● **SOURCE MATERIAL**
========================================================================
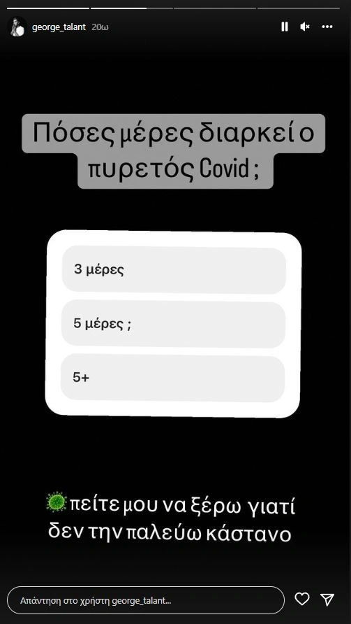 Ο ίδιος θέλησε να μάθει μέσα από σχετικό story του στο Instagram πόσες μέρες διαρκεί ο πυρετός - και κατ’ επέκταση η ταλαιπωρία - αφού όπως έγραψε χαρακτηριστικά «δεν τη παλεύει κάστανο».
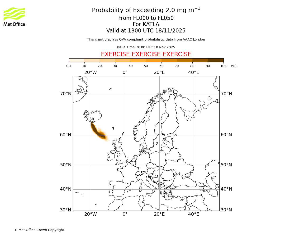 Modelled ash concentration from 000 to 200 for KATLA. Valid at 0100 UTC 18/11/2025
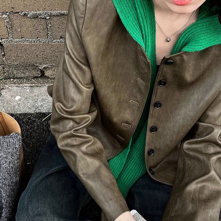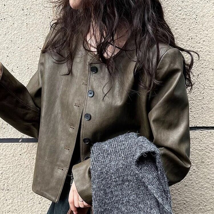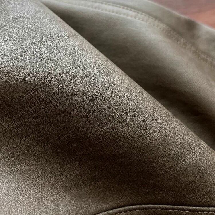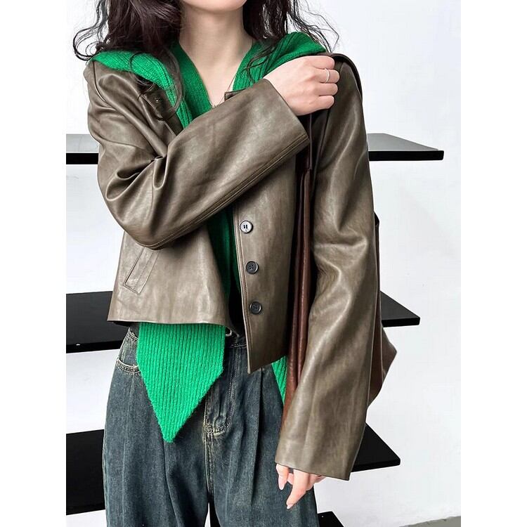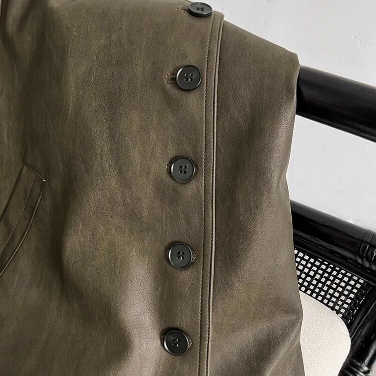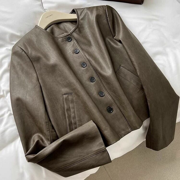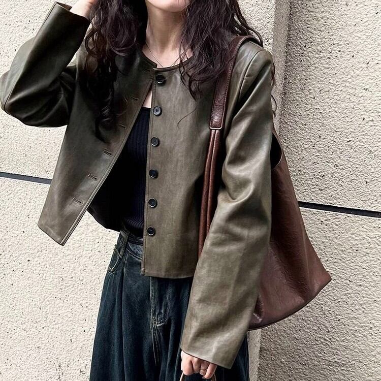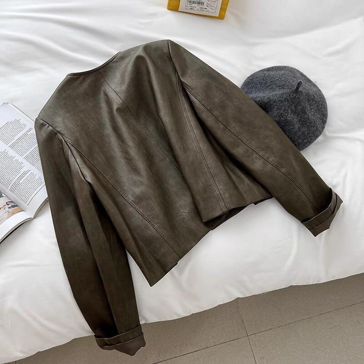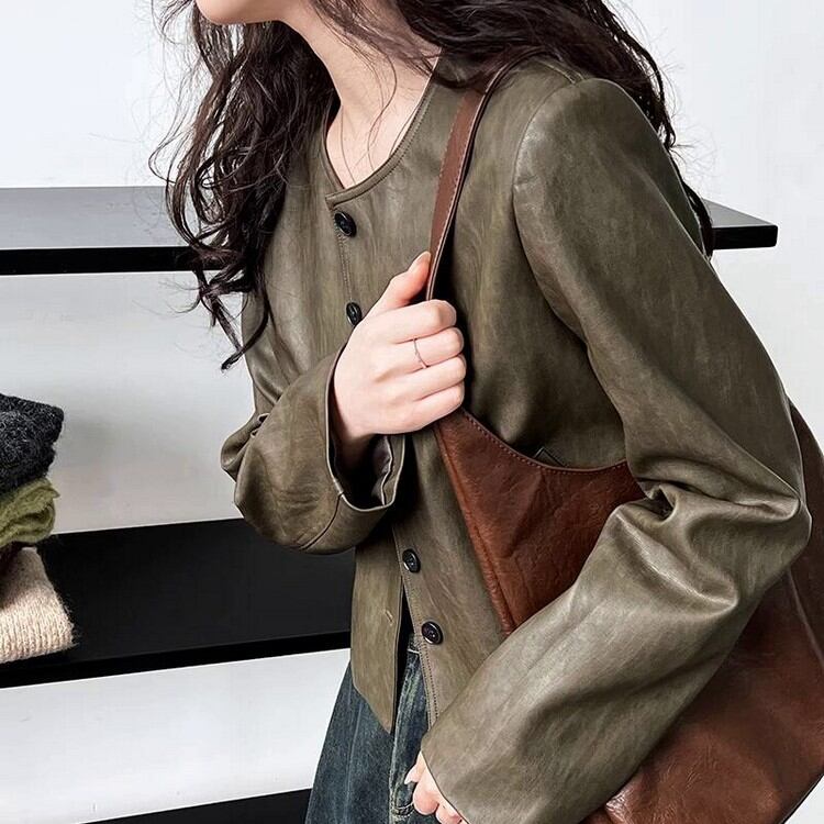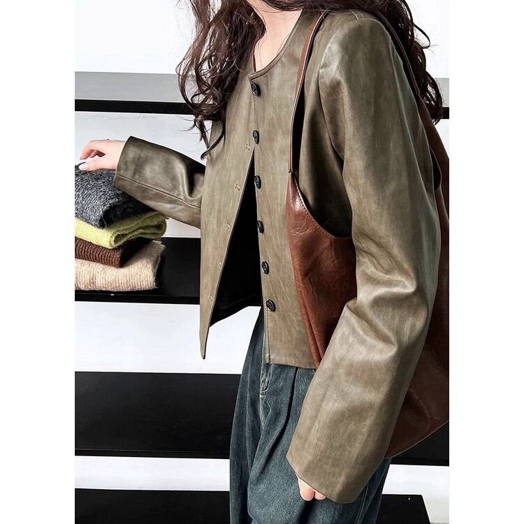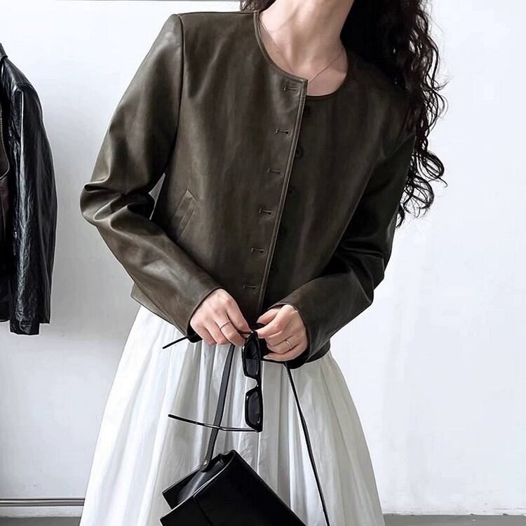 今季のトレンドであるフェイクレザーを、取り入れやすいノーカラーデザインで仕上げました。
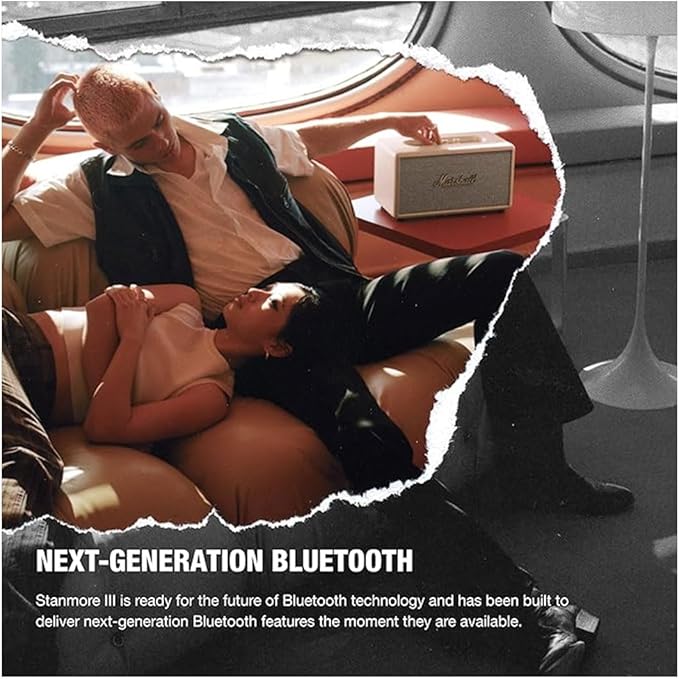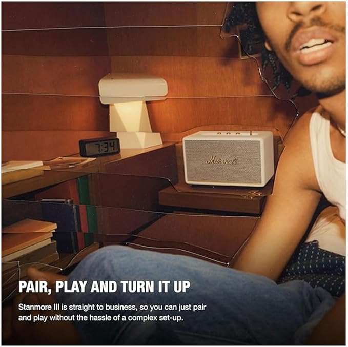 【部屋を満たす圧倒的なサウンド】Stanmore IIIは、より深い没入感体験ができるよう再設計され、前シリーズよりも音の流れが更に広くなっています。5インチのウーファーと 2つの 3/4インチのツイーターで構成され、最適な角度で設置されたツイーターと導波管のアップデートにより、より広がりのある圧倒的なサウンドを届けます。2ウェイのドライバーシステムは、歯切れの良い高音と、制御された鳴り響く低音を再生、バランスの取れたサウンドを体験してください。 新たに追加された配置補正は、アプリを使用して近くの反射面にサウンドを適応させる補正機能です。内蔵のダイナミックラウドネスは音のトーンバランスを調整し、すべての音量で音楽が鮮明に聞こえます。ミドルサイズにあたるStanmore IIIは、広がりのあるマーシャルサウンドを再現し、音楽に完全に没頭することができます。
========================================================================
● **WHAT NEEDS TO BE DONE**
Once the line containing "Modelled ash concentration" is found, write it out exactly along with every line after it through the end of the listing, excluding pictures.

● **RESULT**
 Modelled ash concentration from 000 to 200 for KATLA. Valid at 0100 UTC 18/11/2025
 今季のトレンドであるフェイクレザーを、取り入れやすいノーカラーデザインで仕上げました。
 【部屋を満たす圧倒的なサウンド】Stanmore IIIは、より深い没入感体験ができるよう再設計され、前シリーズよりも音の流れが更に広くなっています。5インチのウーファーと 2つの 3/4インチのツイーターで構成され、最適な角度で設置されたツイーターと導波管のアップデートにより、より広がりのある圧倒的なサウンドを届けます。2ウェイのドライバーシステムは、歯切れの良い高音と、制御された鳴り響く低音を再生、バランスの取れたサウンドを体験してください。 新たに追加された配置補正は、アプリを使用して近くの反射面にサウンドを適応させる補正機能です。内蔵のダイナミックラウドネスは音のトーンバランスを調整し、すべての音量で音楽が鮮明に聞こえます。ミドルサイズにあたるStanmore IIIは、広がりのあるマーシャルサウンドを再現し、音楽に完全に没頭することができます。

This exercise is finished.